Madhavan Mukund



Data Mining and Machine Learning,
Jan-Apr 2020

Assignment 1: Frequent itemsets

10 February, 2020
Due 21 February 1 March, 2020



The Task

The "Bag of Words" data set from the UCI Machine Learning Repository contains five text collections in the form of bags-of-words. The URL for the UCI repository is http://archive.ics.uci.edu/ml/datasets/Bag+of+Words.

Your task is to compute frequent itemsets for this data.

  • First use the standard a priori algorithm with a fixed global value for minimum support. Try out different values for minimum support.

  • Next, explore the multiple minimum support approach described in Section 2.4 of the book Web Data Mining by Bing Liu. See also Mining Association Rules with Multiple Minimum Supports, Liu et al, KDD 1999. You can assign minimum support values to words based on the frequency with which they occur across each text collection.

    For this part, skip the Enron email dataset and work only with the NIPS full papers and KOS blog entries datasets.


The Data

In each of the text collections, each document is summarized as a bag (multiset) of words. The individual documents are identified by document IDs and the words are identified by word IDs.

After some cleaning up, in each collection the vocabulary of unique words has been truncated to only keep words that occurred more than ten times overall in that collection.

For each collection XYZ:

  • vocab.XYZ.txt is the vocabulary file, listing all words that appear in the collection XYZ, one word per line. Each word has an implicit wordID that is its line number in this file, starting with 1 (the word on line 1 has wordID 1, the word on line 2 has wordID 2, ...)

  • docword.XYZ.txt lists out the number of times each word in vocab.XYZ.txt occurs in each document (only non-zero counts are recorded).

    The file docword.XYZ.txt begins with 3 header lines

    	  D
    	  W
    	  NNZ
    	

    where D is the number of documents in the collection, W is the number of words whose frequency is counted (i.e., W is the number of words in vocab.XYZ.txt) and NNZ is the number of non-zero frequency entries for this collection (i.e., NNZ is 3 less than the number of lines in docword.XYZ.txt).

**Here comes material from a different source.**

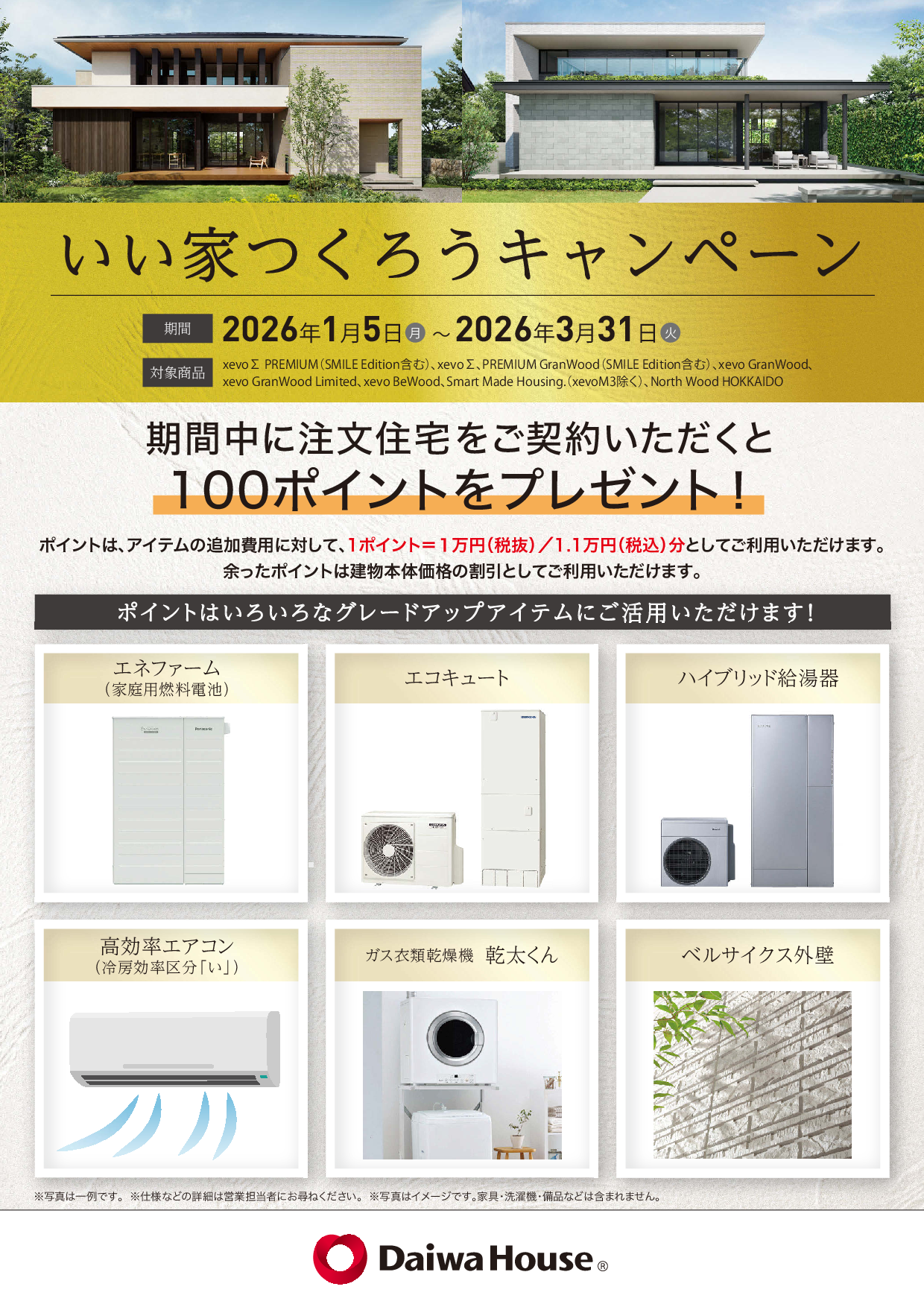 2026年 3 月 31 日までの期間中住宅展示場にご予約の上、

    This is followed by NNZ lines of the form

    	  docID wordID count
    	

    where count is the number of time the word with id wordID appears in document with id docID. Remember that only non-zero counts are recorded.

As usual, a K-itemset of words is a collection of words of size K that occur together in the same document. Your assignment is to write a program to find all K-itemsets of words occurring with minimum support F, where K, F and the name of the dataset to use should be parameters to your program.

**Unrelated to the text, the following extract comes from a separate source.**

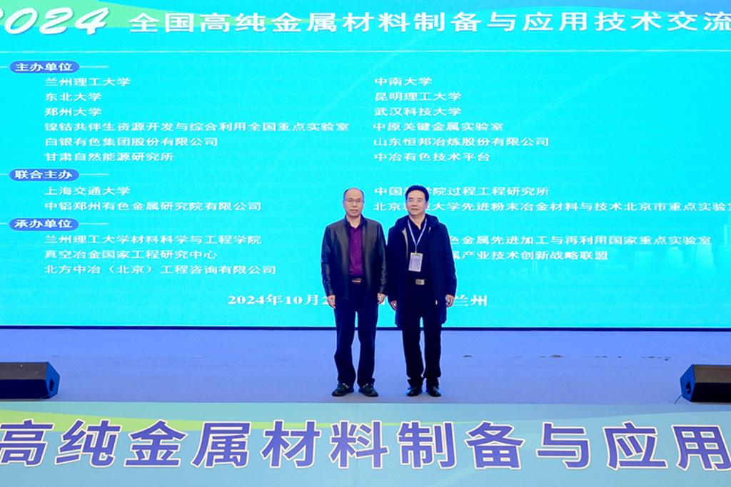 10月23日至25日,由兰州理工大学、中南大学、东北大学、昆明理工大学、郑州大学、武汉科技大学、镍钴共伴生资源开发与综合利用全国重点实验室、白银有色集团股份有限公司、甘肃自然能源研究所、中冶有色技术平台等20余家高校、企业共同举办的2024全国高纯金属材料制备与应用技术交流会在兰州市召开。bat365bat365正版唯一官网溅射靶材高纯金属材料科研团队受邀参加交流会。

The datasets are of different sizes. Report your results on the three smaller datasets (Enron emails, NIPS blog entries, KOS blog entries) for different values of K and F. In addition to the actual output, report the time it took to complete the job and, in case your program did not terminate for a given dataset and combination of K and F, report how long you tried before you gave up.

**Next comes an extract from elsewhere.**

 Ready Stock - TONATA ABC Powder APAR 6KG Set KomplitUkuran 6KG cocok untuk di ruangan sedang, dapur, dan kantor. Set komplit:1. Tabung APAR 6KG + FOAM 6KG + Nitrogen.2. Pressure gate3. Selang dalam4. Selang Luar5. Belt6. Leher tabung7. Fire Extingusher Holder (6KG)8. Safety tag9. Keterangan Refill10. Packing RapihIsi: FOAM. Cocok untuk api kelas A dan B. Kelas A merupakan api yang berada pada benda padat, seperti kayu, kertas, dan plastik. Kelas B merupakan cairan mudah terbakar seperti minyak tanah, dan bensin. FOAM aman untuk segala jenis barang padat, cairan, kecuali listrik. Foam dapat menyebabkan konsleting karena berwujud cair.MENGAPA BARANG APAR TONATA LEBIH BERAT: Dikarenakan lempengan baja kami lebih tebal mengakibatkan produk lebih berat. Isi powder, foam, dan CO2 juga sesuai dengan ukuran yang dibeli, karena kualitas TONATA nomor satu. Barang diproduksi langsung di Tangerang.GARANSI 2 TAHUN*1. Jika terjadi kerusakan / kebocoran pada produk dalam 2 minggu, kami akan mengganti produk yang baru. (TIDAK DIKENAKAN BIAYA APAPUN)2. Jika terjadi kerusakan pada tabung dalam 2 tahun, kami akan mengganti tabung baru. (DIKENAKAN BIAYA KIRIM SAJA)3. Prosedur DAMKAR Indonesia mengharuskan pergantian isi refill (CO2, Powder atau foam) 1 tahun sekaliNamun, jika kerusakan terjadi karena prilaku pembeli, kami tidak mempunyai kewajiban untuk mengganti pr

Information about the datasets in the repository

  • Enron Emails:
    orig source: www.cs.cmu.edu/~enron
    	  D=39861
    	  W=28102
    	  N=6,400,000 (approx)
    	
  • NIPS full papers:
    orig source: books.nips.cc
    	  D=1500
    	  W=12419
    	  N=1,900,000 (approx)
    	
  • KOS blog entries:
    orig source: dailykos.com
    	  D=3430
    	  W=6906
    	  N=467714
    	

Solving the Task

  • You can use any programming language, including Python and R. You can make use of standard packages for analytics and machine learning. Clearly document any external packages used by your code.

  • Submit via Moodle a single archive (zip, tar.gz, …) containing:

    • The code you used to solve the assignment.

    • A link to the output produced by your code. Do not include the output in this submission. Save it somewhere on the cloud and provide a link.

    • A short write up describing how your code ran on the data sets: the parameters used, time taken, space required, and anything else of interest.

  • You can work in groups of two. Each group makes a single submission to Moodle. Use either person's Moodle account to submit. The submission should mention the names of the two partners.

  • There will be a short oral presentation and question/answer session for each group.